# [paper reading notes] community oriented attributed network embedding

2020-11-10 07:59:15 Qinze

## The structure of this paper

1. solve the problem
2. Main contributions
3. Algorithm principle
4. reference

#### (1) solve the problem

Most of the existing methods only retain the local structure of nodes in the process of network representation , Ignore their community information and rich attribute information .

#### (2) Main contributions

Contribution 1： A novel representation method of attribute network is proposed （COANE）, Introduce topic model LDA Generate node community information , Guide random walk to capture community information in the network .

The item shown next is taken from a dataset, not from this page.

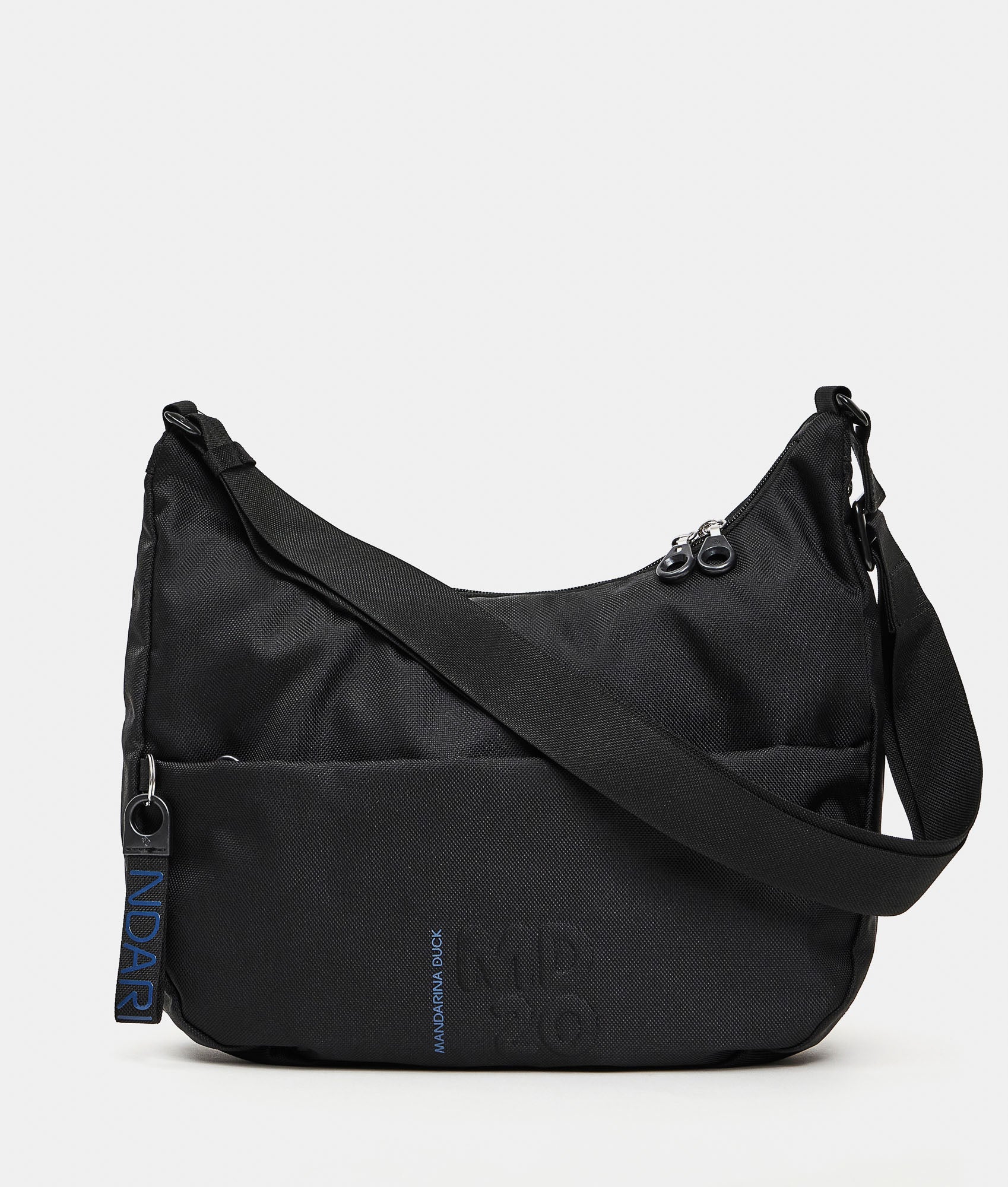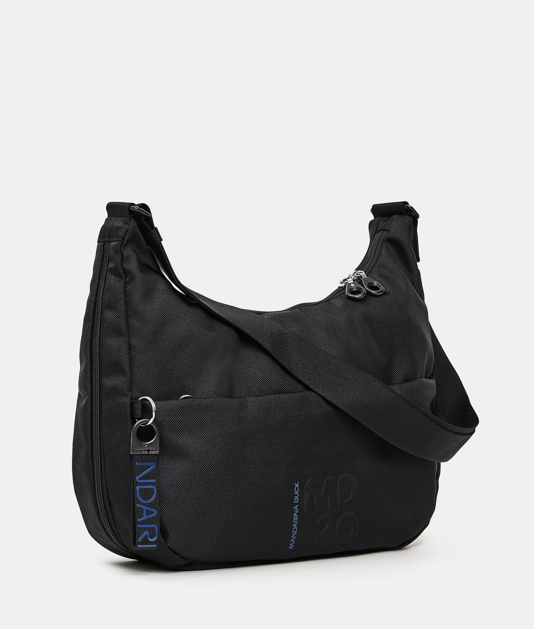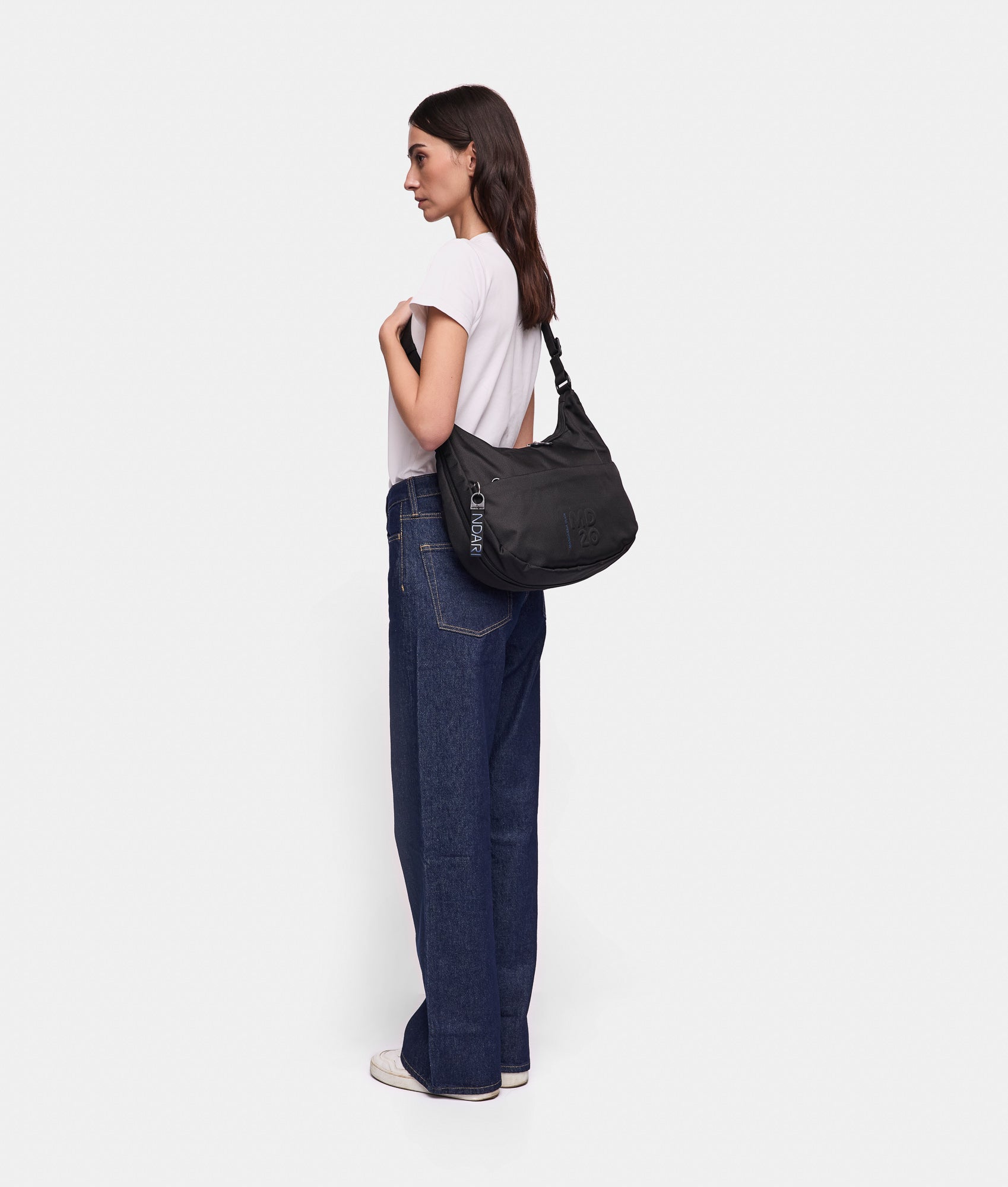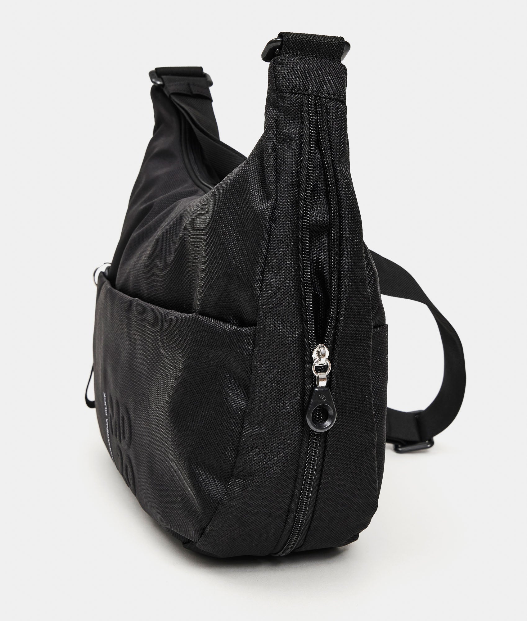 Expandable crossbody bag with lower zipper and large external flat pocket, main closure with double zipper in fabric. Double portability, personalized detaills and adjustable jacquard shoulder strap.
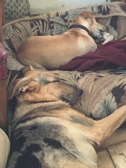 The puppies, about 18 months old, play dress up…and are generally goofy when not sleeping. Okra, above left, is the brains of this operation. She survived an horrific car accident in January of this year and has healed remarkably well! She has yet to learn that she doesn’t need to put her feet on you just because you put your hand on her…she loves to pet you back. She also loves to out-run and out-wit her brother.

Contribution 2： A community oriented random walk strategy is designed —— The edge of the community is introduced to adaptively control the range of random walk , this It solves the problem that the random walk method can't sample the effective walk sequence in dense network .

#### (3) Algorithm principle

Firstly, it briefly introduces the algorithm used to generate node community information LDA Model （ Please refer to other materials or the original paper for details ）.LDA It's an iterative algorithm , Gibbs sampling is used to estimate the following two probability distributions in the form of statistical frequency （ The number of communities needs to be given in advance ）.

• Given the community c, Where nodes v In the community c The probability of

• Given a sequence of nodes s, Choose a node from which to belong to the community c Probability ）

It first gives the sequence s Every node in vi Randomly assign a community ci. Based on the sampling sequence , Every node is traversed , And its community is constantly updated based on the following probability , until LDA The model parameters converge .

COANE The algorithm includes the following three parts ：

1. Random walk based on edge generates node sequence .
2. Based on the above sampling node sequence , Train two... With different parameters LDA Models are learned separately based on structure （ Short for LDA-S） And based on text properties （ Short for LDA-X） Community distribution of .
3. adopt Skip-Gram Model to learn the vector representation of nodes .

Next we start from the algorithm pseudo code step by step analysis COANE Principle of algorithm .

COANE The pseudo code of the algorithm is shown in the figure below ：

From the pseudo code above, I can see that the input of the algorithm is shown in the figure 、 Parameters of random walk 、 Number of communities （LDA Parameters of the topic model ）、 The moment the edge appears Mm、 Edge expansion speed Ms. The output is the embedding matrix of the network .

So what is edge based random walk ？ How to achieve it ？ First , In the early days, we generated a sequence of nodes by random walk and input LDA-S Model update node ownership . After several iterations of node community ownership update , There will be margins between nodes belonging to different communities , As shown in the figure below . The gap between different communities is also becoming more and more obvious , That is, the membership degree of nodes to more likely communities will gradually increase , In the picture, the color is deepened .

You can find , After repeated training LDA The model can find the community structure more accurately . Therefore, based on LDA Estimated probability of community belonging , We can calculate the transition probability of two nodes in the random walk process as follows ：

Mmax It's a by 0 It's going up to 1 Parameters of . When the maximum margin Mmax=0 When , Random walk based on margin is equivalent to traditional DeepWalk Random walk . With Mmax An increase in , The probability of node cross community access is reduced .Mmax It can be thought of as confidence in the division of communities , This confidence level is increasing , Because after constant training LDA The community structure discovered by the model is more and more obvious .

The above is random walk based on edge , The edge follows LDA The training level of the model is more and more obvious , The constraints of community on random walk are becoming stronger and stronger .

By pseudo code No 13,14 Line , Each random walk sequence is used to iteratively update two LDA Model .

Now? , The node sequence obtained by random walk based on edge is input into Skip-Gram model training , We can get node vector representation based on node topology and community structure . So how to fuse node attribute information ？

We mentioned a text attribute based model LDA Model （LDA The probability distribution model is the subject processing , Here we just need to sample the sequence of text ）, Again , We do edge based random walks in the graph , Replace the node in the sequence with its corresponding text attribute , These texts are aggregated to produce a single document , Input to text-based LDA In the model ,. Final LDA The model can generate the topic probability distribution of the document , In this paper, the distribution is directly regarded as the representation vector of the text attributes of nodes , Finally, the fusion node topology can be obtained by merging it into the original structure based representation vector 、 The node representation of community information and attribute information .

The above is the whole content of the network representation learning algorithm .

#### (4) reference

Gao Y, Gong M, Xie Y, et al. Community-oriented attributed network embedding[J]. Knowledge-Based Systems, 2020, 193: 105418.